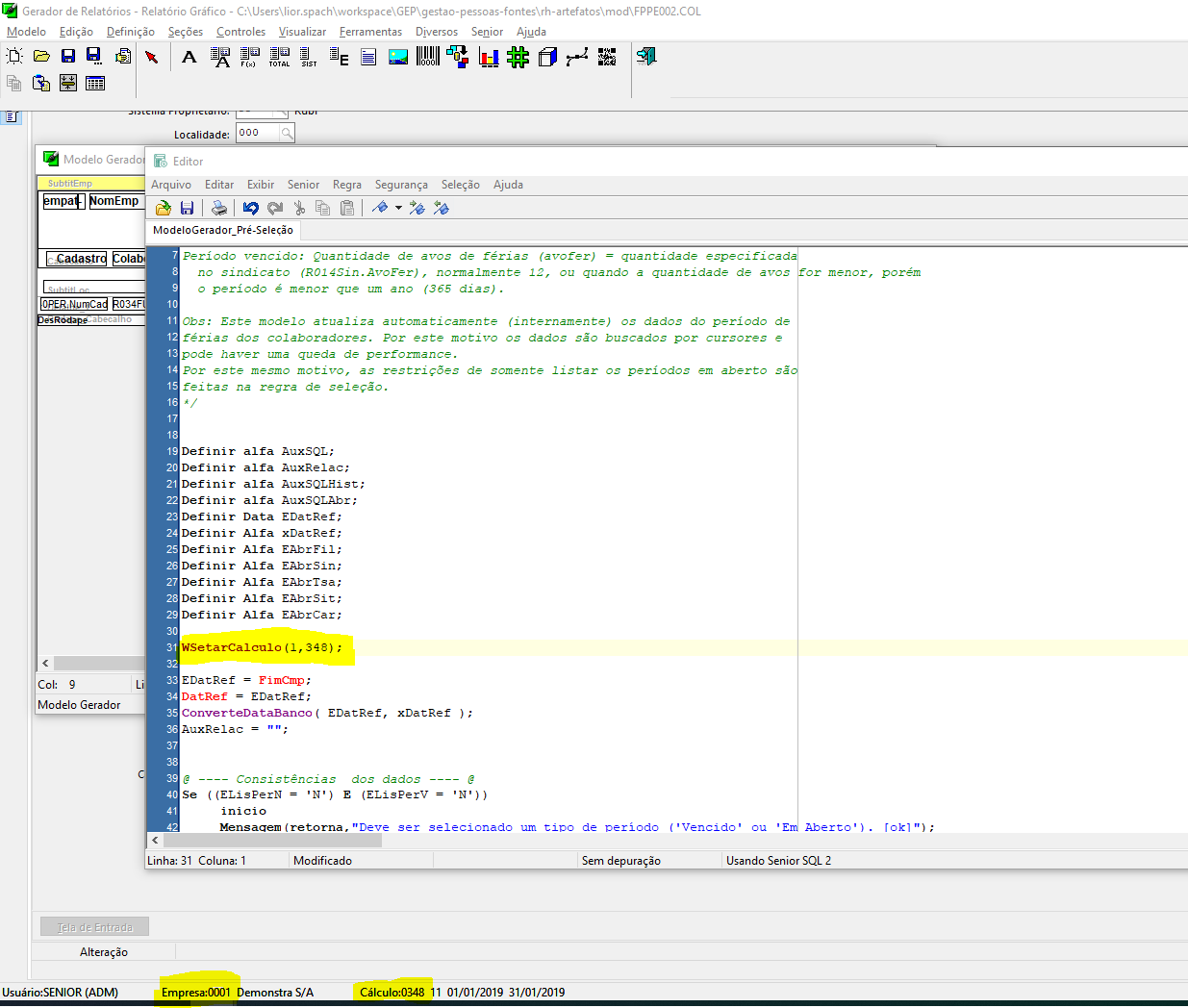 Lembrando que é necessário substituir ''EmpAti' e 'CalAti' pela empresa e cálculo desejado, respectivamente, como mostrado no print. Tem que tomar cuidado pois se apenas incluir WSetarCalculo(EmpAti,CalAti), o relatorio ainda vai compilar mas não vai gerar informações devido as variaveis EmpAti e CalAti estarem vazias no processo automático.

==

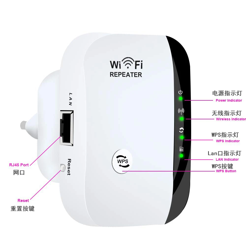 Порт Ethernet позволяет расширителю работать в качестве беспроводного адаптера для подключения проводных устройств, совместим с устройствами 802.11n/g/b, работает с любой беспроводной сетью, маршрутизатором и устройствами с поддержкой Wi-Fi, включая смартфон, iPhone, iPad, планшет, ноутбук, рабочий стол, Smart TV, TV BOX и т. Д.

* * *

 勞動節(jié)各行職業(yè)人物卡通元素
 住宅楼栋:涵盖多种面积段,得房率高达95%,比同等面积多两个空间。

Problem details — Among the entries above, the lines between the ones containing "勞動節(jié)各行職業(yè)人物卡通元素" and "住宅楼栋:涵盖多种面积段,得房率高达95%,比同等面积多两个空间。", inclusive, are to be transcribed exactly. No other line is to be given.

Solution for this exercise —
 勞動節(jié)各行職業(yè)人物卡通元素
 住宅楼栋:涵盖多种面积段,得房率高达95%,比同等面积多两个空间。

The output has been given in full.